### EXERCISE GOAL
Everything from the line containing "Барака выполняет дополнительный" to the end of the listing, both included, should be returned exactly, apart from the pictures.

### COLLECTED MATERIAL
== Segment start ==
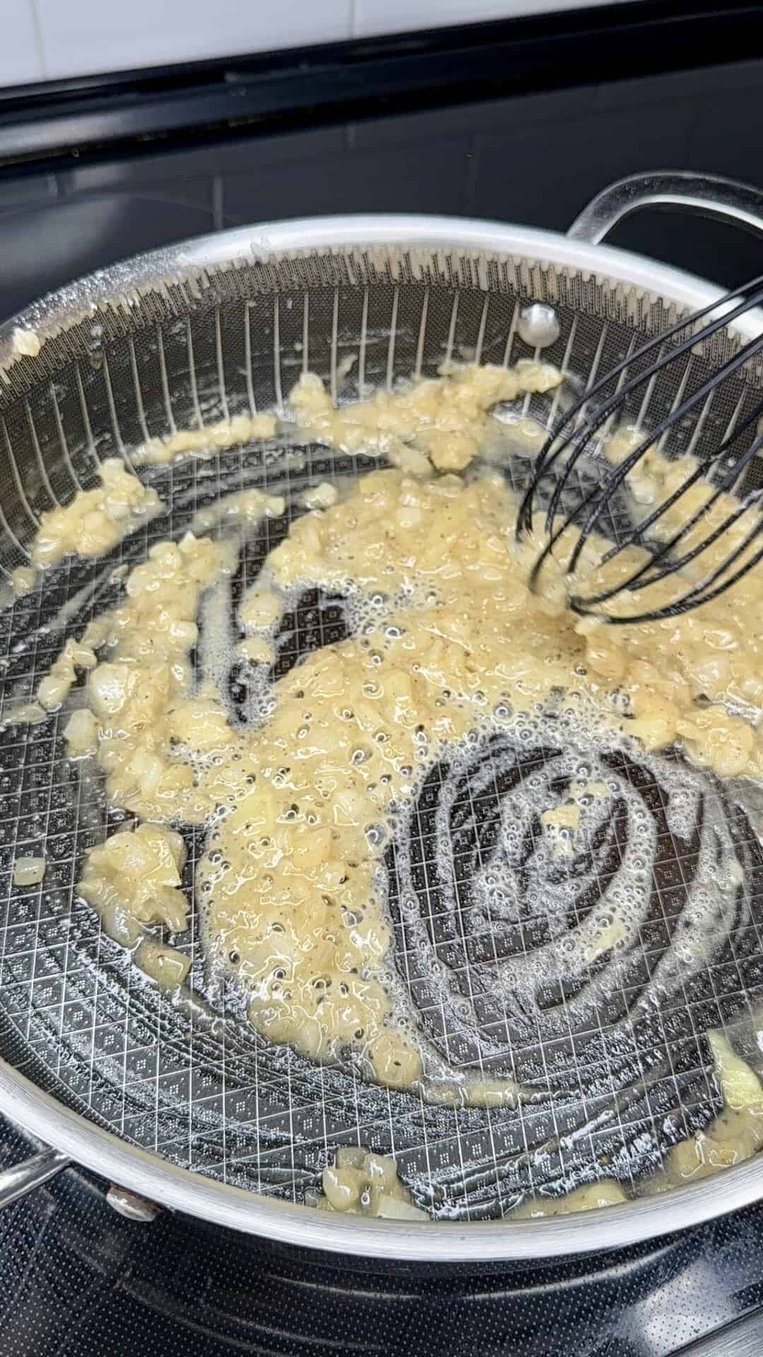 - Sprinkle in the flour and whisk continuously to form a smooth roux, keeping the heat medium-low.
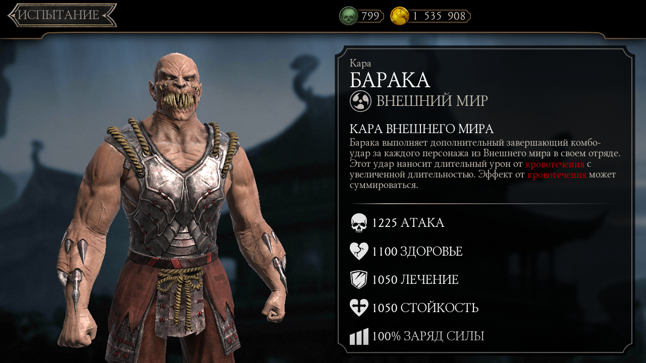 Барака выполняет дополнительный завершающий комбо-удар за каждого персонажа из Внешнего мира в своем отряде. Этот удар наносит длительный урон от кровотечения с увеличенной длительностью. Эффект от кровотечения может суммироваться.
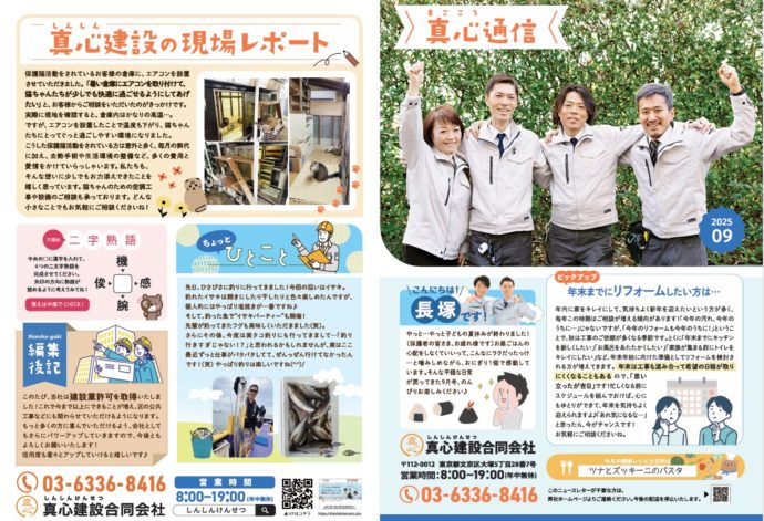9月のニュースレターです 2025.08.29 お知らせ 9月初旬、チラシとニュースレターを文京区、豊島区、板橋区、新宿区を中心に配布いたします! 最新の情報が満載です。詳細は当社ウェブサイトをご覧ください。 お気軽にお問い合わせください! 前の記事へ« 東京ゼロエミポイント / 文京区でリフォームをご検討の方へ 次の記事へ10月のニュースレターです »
== Segment end ==
### WRITTEN ANSWER
 Барака выполняет дополнительный завершающий комбо-удар за каждого персонажа из Внешнего мира в своем отряде. Этот удар наносит длительный урон от кровотечения с увеличенной длительностью. Эффект от кровотечения может суммироваться.
9月のニュースレターです 2025.08.29 お知らせ 9月初旬、チラシとニュースレターを文京区、豊島区、板橋区、新宿区を中心に配布いたします! 最新の情報が満載です。詳細は当社ウェブサイトをご覧ください。 お気軽にお問い合わせください! 前の記事へ« 東京ゼロエミポイント / 文京区でリフォームをご検討の方へ 次の記事へ10月のニュースレターです »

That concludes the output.